Domino’s Pizza Plunges as Earnings Fail to Deliver

Shares of Domino’s Pizza (DPZ) have plunged today after the company failed to deliver what investors had ordered.

Ceci n’est pas une Domino’s Pizza.

MarketWatch has the details:

Domino’s reported a quarterly profit of $30.6 million, or 53 cents a share, up from $26 million, or 44 cents a share, a year earlier. Excluding some tax impacts, the company reported earnings of 51 cents, up from 43 cents.

Revenue rose 6.9% to $404.1 million, as more pizza orders boosted its supply-chain business, and it added 126 new stores globally — nearly all overseas.

Wall Street analysts on average expected a per-share profit of 52 cents on revenue of $403 million, according Thomson Reuters.

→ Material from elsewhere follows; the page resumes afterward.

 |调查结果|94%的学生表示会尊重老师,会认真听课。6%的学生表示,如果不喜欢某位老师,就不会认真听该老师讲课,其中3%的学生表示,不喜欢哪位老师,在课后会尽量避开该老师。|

Miller Tabak’s Stephen Anderson explains why investors are so gloomy:

DPZ's +5.5% domestic blended comp far outpaced the -1% domestic comp reported by Pizza Hut (owned by Yum! Brands (YUM)) last week, while the company's international units logged their 79th consecutive quarter of positive same-restaurant sales. Nevertheless, we think this is being overlooked in the pre-market by a weaker-than-expected margin that contributed to only the second quarterly earnings miss in the past two years.

We still anticipate above-peer same-restaurant sales growth both in the U.S. and overseas, reinvigorated unit growth in the U.S. (helped potentially by a new unit prototype), a more benign food cost environment, and incremental share buybacks will provide support EPS growth of at least 20% in the next two years. However, in light of the 57% year-to-date rally and the 138% gain from the June 2012 low, and as we model more difficult sales comparisons in the U.S. beginning in 4Q13 (lapping the introduction of pan pizza), we prefer to await a more significant pullback in DPZ shares.

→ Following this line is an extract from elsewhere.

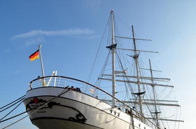Keywords: gorch fock 1 sailing vessel mast masts port ship sail sailing boat sea boats three masted

Feltl & Co.’s Mark E. Smith–not to be confused with the Fall’s noted curmudgeon–agrees:

DPZ has a strong domestic business that is taking market share from its peers and an international business with ample room for growth over the next several years. We like DPZ's expected earnings growth rate, strong cash flow from the highly franchised business and the geographic diversification with market share gains in most markets. However, trading at 24x our new 2014 EPS estimate, we think the shares are fully valued. We would turn more positive if sales and earnings increased more than we expect or if the shares traded below $57 with no change in
fundamentals.

Shares of Domino’s Pizza have dropped 4.3% to $65.91 today, while Yum has declined 1.1% to $66.24 and Papa John’s International (PZZA) has fallen 1.1% to $71.28.